ArgentineLa justice bloque les réformes du travail de Javier Milei
Le nouveau président Javier Milei a connu un premier revers avec le blocage provisoire des réformes du droit du travail incluses dans son «mégadécret». Mais il va faire appel.
La justice argentine a retoqué mercredi, du moins provisoirement, des réformes du droit du travail incluses dans le «mégadécret» dérégulateur du président ultralibéral Javier Milei, qui subit ainsi un premier revers.
La Chambre nationale du travail, instance de droit du travail, qui avait été saisie par la CGT, plus grande centrale syndicale du pays, a pris «une mesure conservatoire suspendant l’applicabilité» des dispositions du chapitre «Travail» du décret du 20 décembre, dans l’attente d’un examen législatif sur le fond.
Cette suspension vaut «jusqu’à ce qu’une décision définitive soit rendue sur la question de fond soulevée dans la présente procédure», soulignent les juges dans leur décision, publiée par plusieurs médias, dont l’agence officielle Telam. Le jugement, un premier revers quoique temporaire, pour l’élan réformateur ultralibéral de Javier Milei, va faire l’objet d’un appel imminent. Le gouvernement «va faire appel», a confirmé à l’AFP Rodolfo Barra, le «procureur général» chargé du contrôle de la légalité, du conseil et de la défense de l’État.
Vifs débats juridiques
Le président Milei, investi le 10 décembre, avait, dix jours plus tard, annoncé un «Décret de nécessité et d’urgence» (DNU), posant le cadre d’une dérégulation massive de l’économie, modifiant ou abrogeant plus de 300 normes, affectant notamment le travail, l’encadrement des prix et loyers, la privatisation d’entreprises publiques, les réglementations aux exportations et importations.
Présentant le décret, Javier Milei l’avait justifié par le besoin «d’entamer le chemin vers la reconstruction du pays, rendre la liberté et l’autonomie aux individus et commencer à désarmer l’énorme quantité de régulations qui ont retenu, entravé et empêché la croissance économique».
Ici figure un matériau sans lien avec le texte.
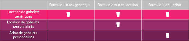 - La combinaison "Location + Achat" (formule 2) : cette formule permet d’utiliser vos propres gobelets Ecocup ® personnalisés et d’avoir, en complément, des gobelets loués pour compléter la demande de vos utilisateurs.
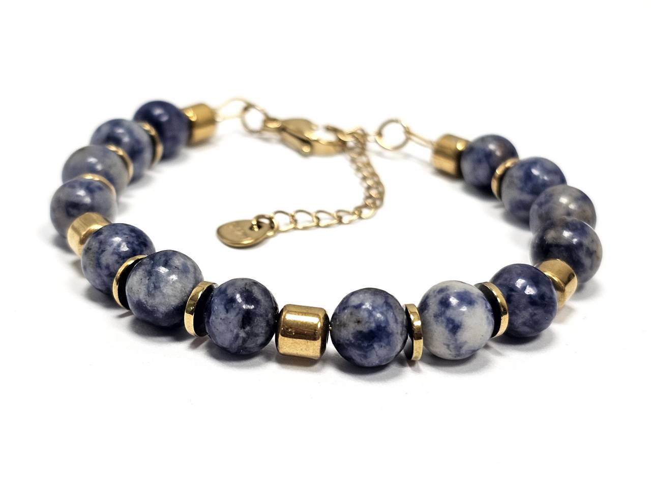 Βραχιόλι Πέτρα με ημιπολύτιμες πέτρες και στοιχεία από αιματίτη σε χρώμα Χρυσαφί
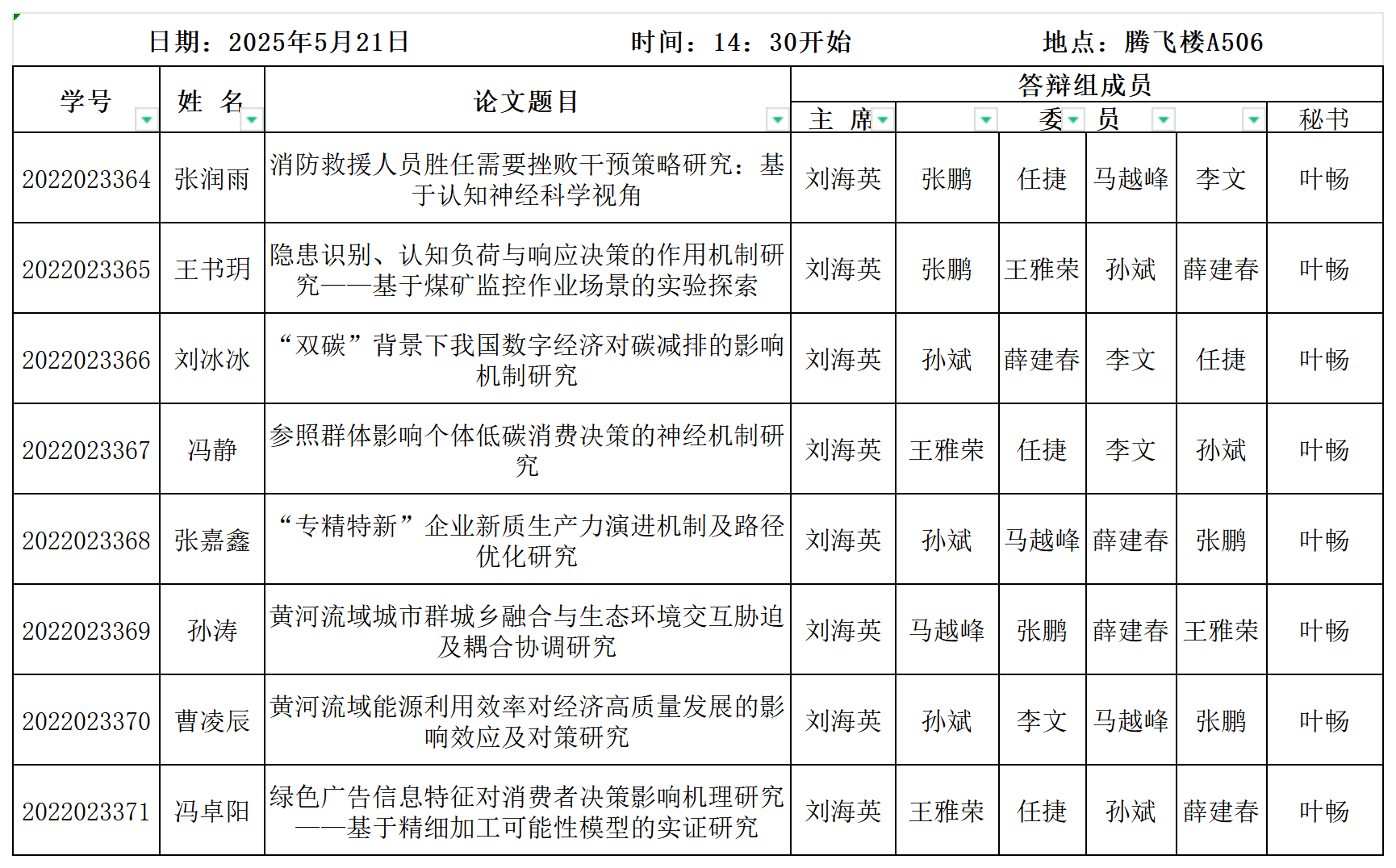 2024-2025学年第二学期管理科学与工程专业学术型硕士学位论文答辩安排
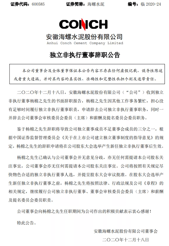 日前,海螺水泥(00914.HK)宣布,公司在2020年12月18日收到獨(dú)立非執(zhí)行董事楊棉之提出的書(shū)面辭職申請(qǐng)。

Ce «DNU» est techniquement entré en vigueur, mais sous réserve d’être ultérieurement approuvé par le parlement, où le parti de Milei n’est que la troisième force. Et dans un échéancier encore hypothétique. Mais il fait déjà l’objet de vifs débats entre juristes sur son caractère, ou non, constitutionnel, et a en parallèle été visé par une dizaine de recours en justice, dont celui de la CGT en référé, déposé la semaine dernière.
La justice, la rue et le parlement
Les aspects les plus polémiques des réformes du droit du travail proposées portent, pour les syndicats, sur l’extension de la période d’essai de trois à huit mois, la baisse des indemnisations en cas de licenciement, des limites au droit de grève, la possibilité de licenciement en cas de blocage ou occupation du lieu de travail.
Parmi leurs arguments, les juges relèvent «que n’apparaît pas ce qui constitue de prétendues raisons d’urgence pour éviter la dure intervention du pouvoir législatif sur le fond de la législation», d’autant que certaines normes «ont une nature répressive ou de sanction».
Ils soulignent aussi qu’«il n’est pas expliqué comment les réformes proposées, si elles étaient appliquées immédiatement, hors du processus législatif normal, pourraient remédier à la situation» et doper l’emploi formel rapidement, «a fortiori vu que le décret lui-même souligne que cet emploi stagne depuis douze ans».
Le recours en justice est un des trois axes de lutte – avec la rue et le parlement – de l’opposition, vent debout contre la révolution libérale de Javier Milei, et son mégadécret en particulier: la CGT a convoqué une grève générale et mobilisation pour le 24 janvier, la grève la plus précoce contre un gouvernement en quarante ans de démocratie, un mois et demi après son arrivée au pouvoir.